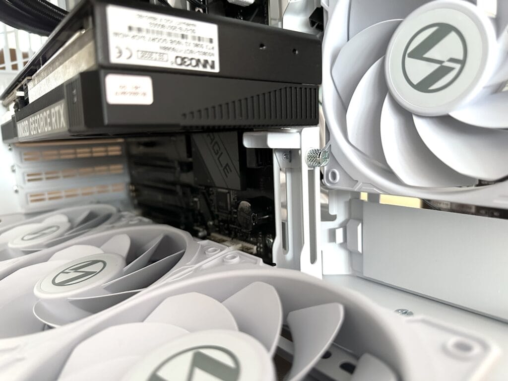 De volgende stap is het installeren van de videokaart, in dit geval een krachtige RTX 5080. Bij zulke grote en zware GPU’s is stabiliteit cruciaal, en het is geweldig dat de O11D Mini V2 Flow is uitgerust met een ingebouwde, verstelbare GPU-bracket die je eenvoudig op de juiste hoogte kunt afstellen.
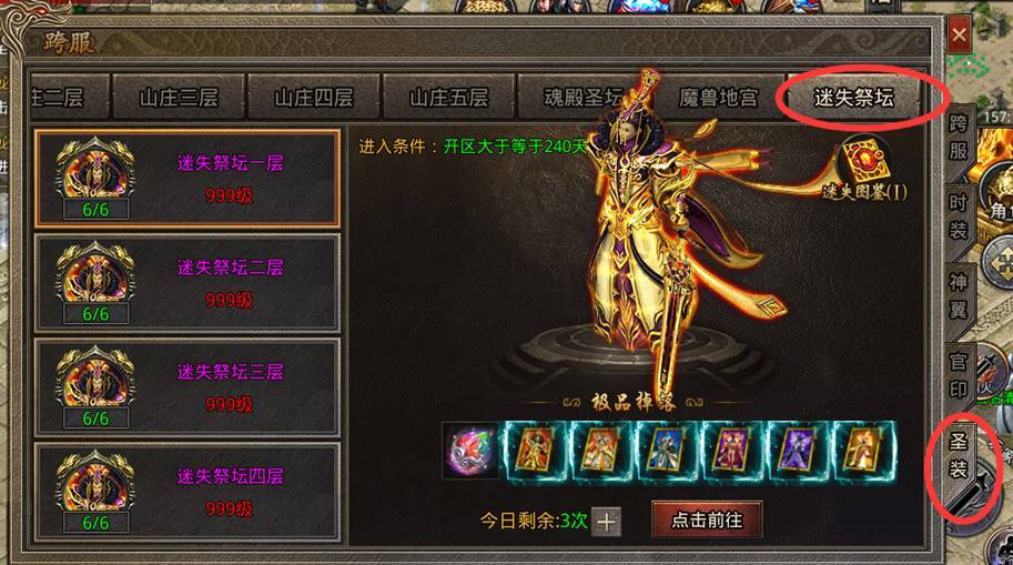 1.新迷失祭坛BOSS挑战界面,入口位于右上角BOSS挑战图标内-圣装页签,如下图:
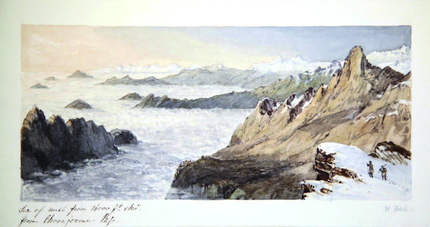Basándose en el esquema de Dalton Hooker, en 1850 Walter Hood Fitch pintaría una acuarela donde se podían apreciar mejor las distancias -y por tanto la altitud-, apreciándose en la lejanía el imponente grupo del Everest.

> _Instructions for the task_:
Your reply must match the data above line for line, except that it holds no pictures.

> _Completed exercise_:
 De volgende stap is het installeren van de videokaart, in dit geval een krachtige RTX 5080. Bij zulke grote en zware GPU’s is stabiliteit cruciaal, en het is geweldig dat de O11D Mini V2 Flow is uitgerust met een ingebouwde, verstelbare GPU-bracket die je eenvoudig op de juiste hoogte kunt afstellen.
 1.新迷失祭坛BOSS挑战界面,入口位于右上角BOSS挑战图标内-圣装页签,如下图:
Basándose en el esquema de Dalton Hooker, en 1850 Walter Hood Fitch pintaría una acuarela donde se podían apreciar mejor las distancias -y por tanto la altitud-, apreciándose en la lejanía el imponente grupo del Everest.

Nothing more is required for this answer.